Moreover, NIST defines Intrusion prevention system (IPS) as the process of performing intrusion detection and attempting to stop detected possible incidents, which means IPS is active IDS which performs all IDS activity and try to stop intrusions, in this paper IDPS short will be interchangeable with the shorts IDS and IPS. IDPS methodologies used by IDPSs can be categorized into: • Misuse-based, (also denoted as signature-based) search for predefined patterns, or signatures, within the captured data. This methodology is very effective in detecting predefined threats and have small number of false positive alert, but this methodology has no ability to detect new threats or undefined one. • Anomaly-based, in this methodology, normal behavior of the target system defined, and generate anomaly alert whenever any deviation is detected, usually anomaly-based IDSP suffer from high number of false positive alert. • Strict Anomaly Detection, Sasha and Beetle firstly introduce Strict Anomaly Detection in 2000 [14], its attack detection methodology which detect any violation of system rules, “not use” is alternative name for it, the best use of strict anomaly detection in environments where legmate activities is well define[15 FSM].

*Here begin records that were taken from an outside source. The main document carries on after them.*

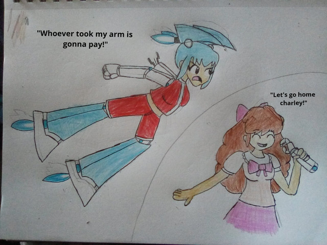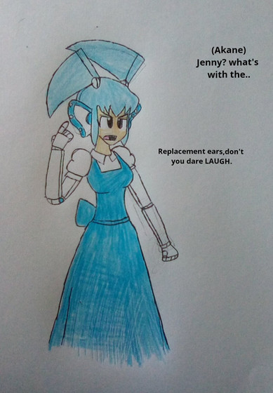 Aside for aki,meta woman had become friends with a other individual, that being a version of theo from her copy of the game ultra jump mania.Which her father had gotten for her along with a game Console,plus other video games for she could train in to use various Power ups and weaponry.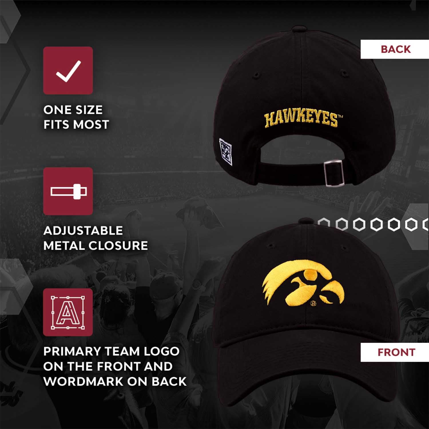This Iowa hat is a must-have for any Hawkeyes fan! These college hats are made from 100% cotton and garment-washed twill, and are durable and comfortable to wear. The garment-washed fabric gives this vivid Iowa hat a cool, stylish, and fashionable look. The Iowa Hawkeyes logo is embroidered on the front, with the team wordmark on the back. The relaxed, unstructured hat design feels soft & easy to wear, making it a good dad baseball hat for everyday wear. The adjustable metal closure ensures a one size fits all. If you are looking for the perfect Iowa gift for Father's Day, look no further than the Iowa Hawkeyes dad hat! Wear it with the classic Iowa Hawkeyes apparel on game day with your Iowa Hawkeyes clothes and Iowa Hawkeyes merch, or wear it out running errands. This Iowa cap is a staple in every Hawkeyes fan's apparel. Show your support for Iowa this baseball hat. Show your love for soccer, baseball, basketball, and hockey all year long.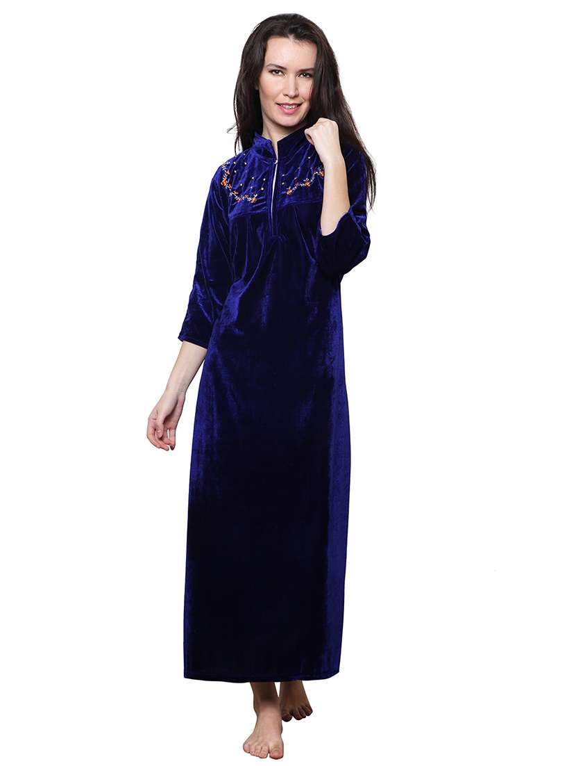 navy blue embroidered nighty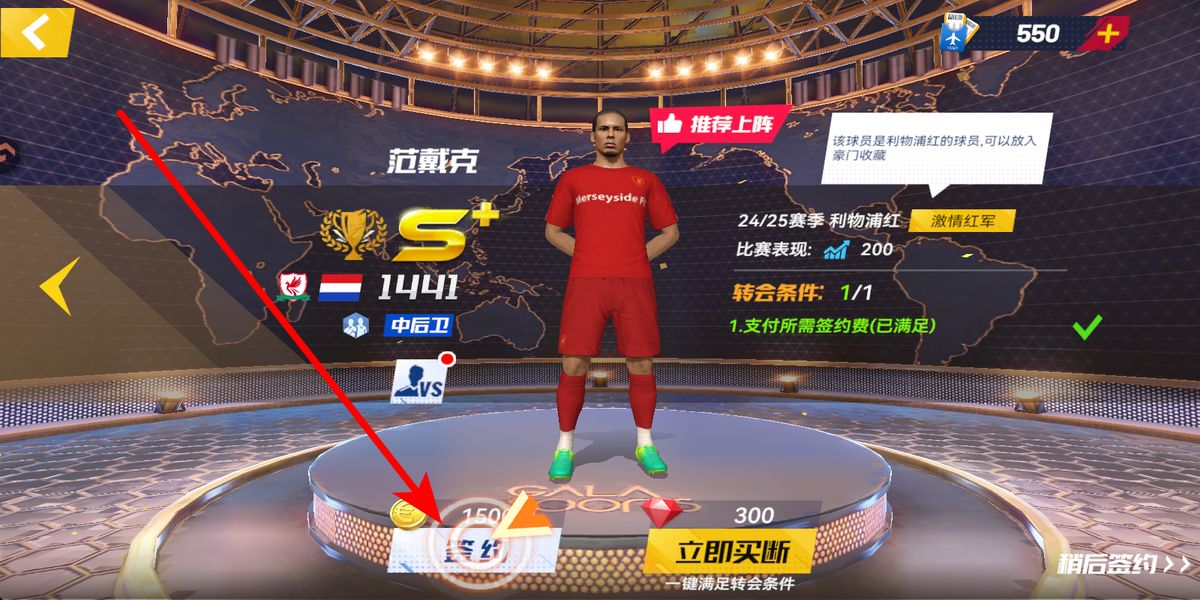3、球员签约待球员转会条件范戴克的签约费满足后,核查条件达成状态,点击签约按钮,将心仪球员纳入球会为战术体系补充战力。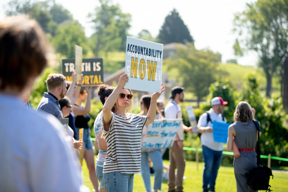 The alumni, many of whom identified themselves, called for the university to relieve faculty and staff of their nondisclosure agreements so that alumnus Hayle Swinson’s allegations of sexual abuse could be thoroughly investigated.

2 Related Work NDP is stateless and lack of authentication which expose it to attacks [16-19], even the original design include IPsec within IPv6 to secure it, however IPsec needs manual configuration which make it limited to small network with known hosts[20]. Solutions proposed to overcome NDP limitation due the lack of authentication can be divided according to main purpose: securing NDP and monitoring NDP which are IDPS, for securing NDP, most common solutions made changes on the original design of the protocol which increase the complexity of the protocol. On the other hand, IDPS solutions intend to monitor the NDP without any modification to original design of the protocol, these approaches detects any violation of predefined normal behavior of the protocol, alert system administrators and try to stop intruders. SEND [21] and Cryptographically Generated Address CGAs [22] are examples of securing NDP, these solutions are the best choice for securing IPv6 networks where is IPsec found to be an impractical choice. However, SEND and CGA has not been widely implemented or deployed due to high complexity and issues reportedly holding back some vendors are intellectual property claims and licensing terms CGAs [20]. Another example, [23] proposed the use of digital signature to secure IPv6 neighbor discovery protocol which has less complexly than CGA, however, the proposed solution cannot detect DAD and NUD attacks. [24] Propose highly randomized technique for address generation that safeguards node’s privacy and asserts address uniqueness on the link. The main limitation of solution proposed to secure NDP is the overhead the complexity increasing of the protocol, by adding extra functions, as compared with IDPS solutions which didn’t change or increase the complexity of NDP, the main role

of these solutions is to alert system administrator of any violation of NDP normal behavioral. There is two types of monitoring solutions: passive and active mechanism which generate extra packets for additional analysis. NDPmon [25] is example of passive mechanism which tracks changes in MAC-IP pairings; any changes triggers alerts to system administrator. The main drawback is, training face must be free of any compromised node, otherwise the whole detection processes fails. Another example, [15] built a finite state machine that model the normal behavioral of NDP, and use Strict Anomaly Detection to detect any violation. On the other hand, active mechanism [26, 27] uses probe packets for additional observations. [28] Uses Multicast Listener Discovery (MLD) probing to reduce the traffic, while [29] propose a host-based IDPS which verified any changes made on its neighbor cache by sending NS probes. Main limitation of active technique is the generated over head traffic which can used by the attacks to perform DoS attacks by flooding the nodes with fake MAC-IP address pairs.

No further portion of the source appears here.